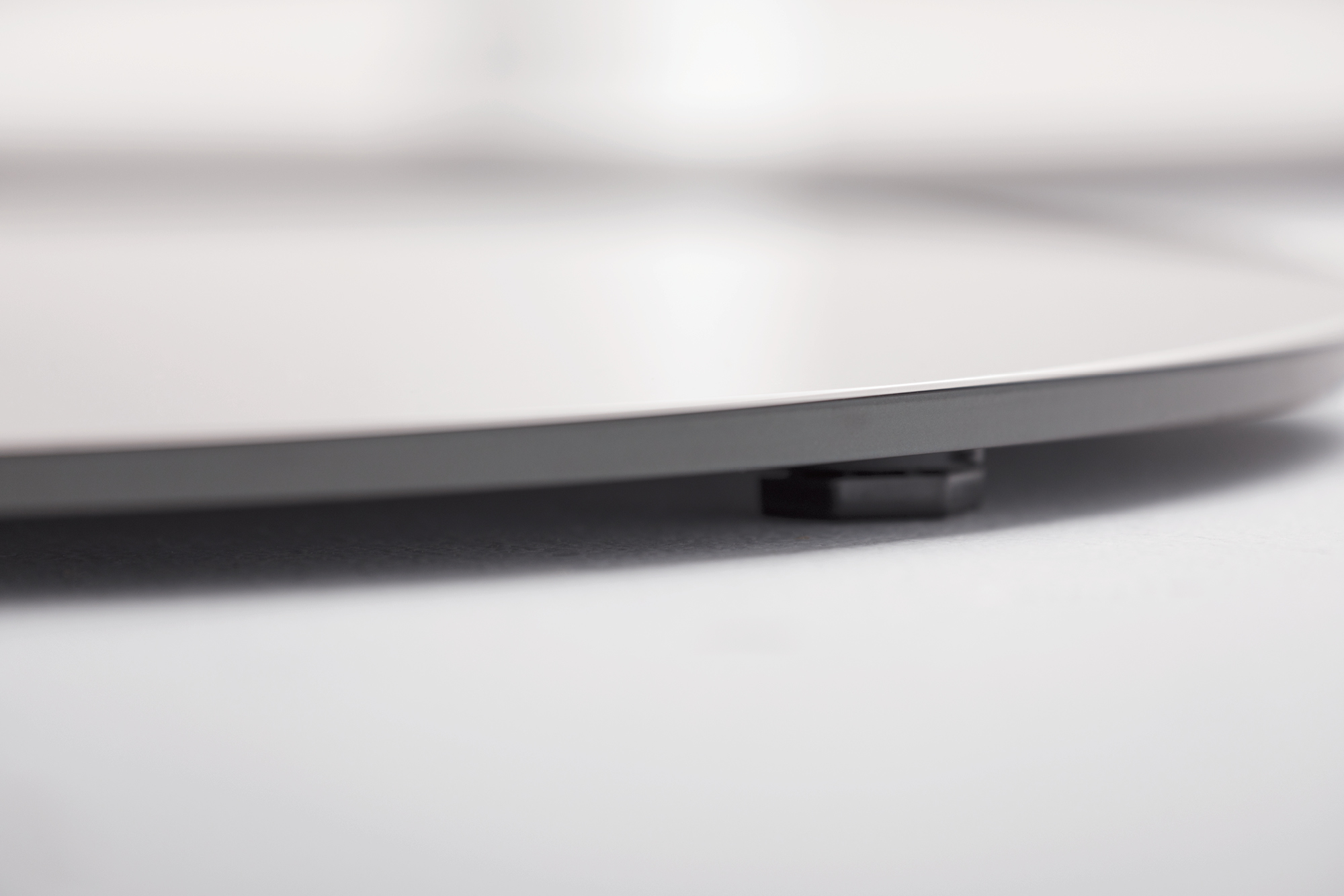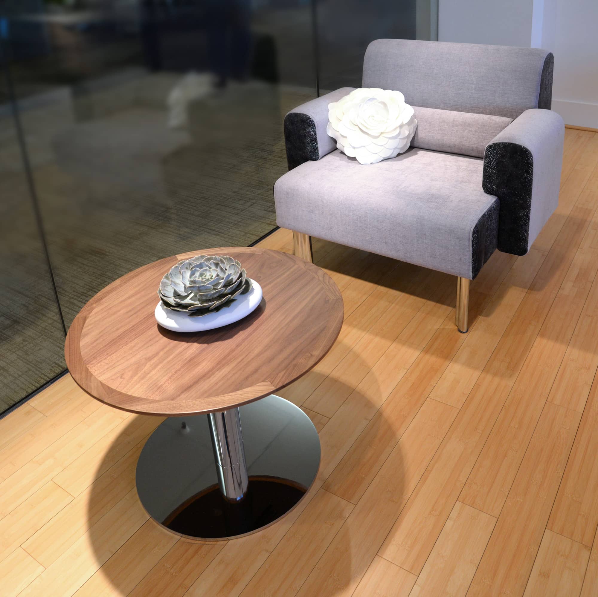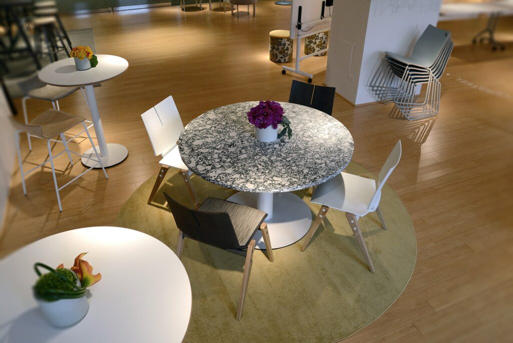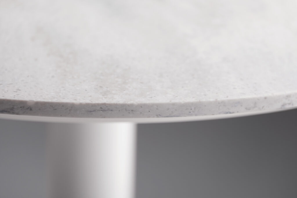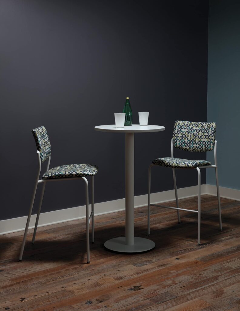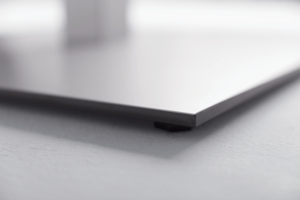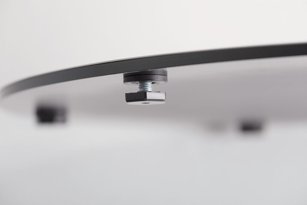 Deci won’t wobble, wiggle or waver when put to the test in demanding and diverse environments. Underneath the extremely slim profile and delicate appearance is a laser cut, solid steel plate which provides stability and balance. Adjustable glides are standard for leveling in uneven environments.
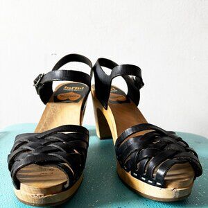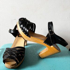 Classic clogs with black leather criss-cross upper and ankle strap. Lightly worn, with a few scuffs to the wooden heels (can be sanded out). Selling as they are 1 size too small for me! Genuine Swedish Hasbeens purchased new - this style is no longer available! Euro size 37, U.S. size 7. Heel height is 9 cm / 3.5 in. Surprisingly comfortable for wooden heels!
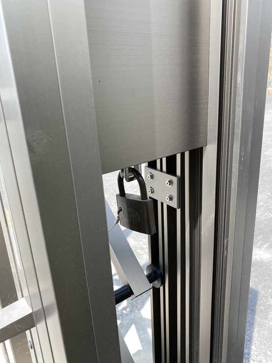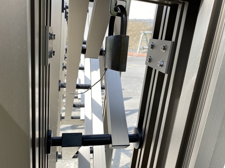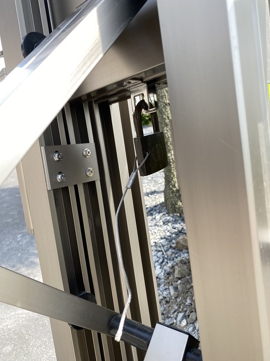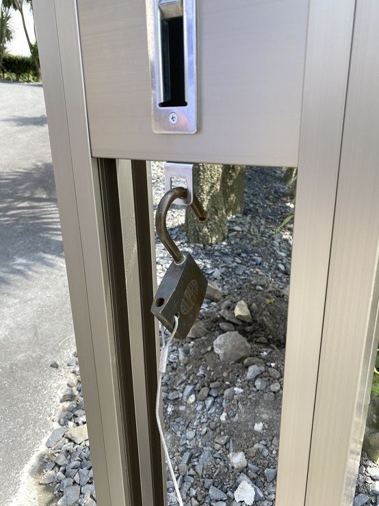 マリーナのバーベキューガーデンの屋根と出入り口の門が新しくなりました。門に関しましては以前の物と同様に南京錠にて施錠しています。オーナー様がお持ちの鍵で解錠出来ます。門の外側から見て右側に施錠があります。また、強風時に門中央、下に付いてます落とし込みがしてある場合がありますので、そこを上げて門を開けて頂きますようご協力よろしくお願い致します。

_Action item_
Quote in full the listing given above; the images are to be left out.

_Finished task_
 Deci won’t wobble, wiggle or waver when put to the test in demanding and diverse environments. Underneath the extremely slim profile and delicate appearance is a laser cut, solid steel plate which provides stability and balance. Adjustable glides are standard for leveling in uneven environments.
 Classic clogs with black leather criss-cross upper and ankle strap. Lightly worn, with a few scuffs to the wooden heels (can be sanded out). Selling as they are 1 size too small for me! Genuine Swedish Hasbeens purchased new - this style is no longer available! Euro size 37, U.S. size 7. Heel height is 9 cm / 3.5 in. Surprisingly comfortable for wooden heels!
 マリーナのバーベキューガーデンの屋根と出入り口の門が新しくなりました。門に関しましては以前の物と同様に南京錠にて施錠しています。オーナー様がお持ちの鍵で解錠出来ます。門の外側から見て右側に施錠があります。また、強風時に門中央、下に付いてます落とし込みがしてある場合がありますので、そこを上げて門を開けて頂きますようご協力よろしくお願い致します。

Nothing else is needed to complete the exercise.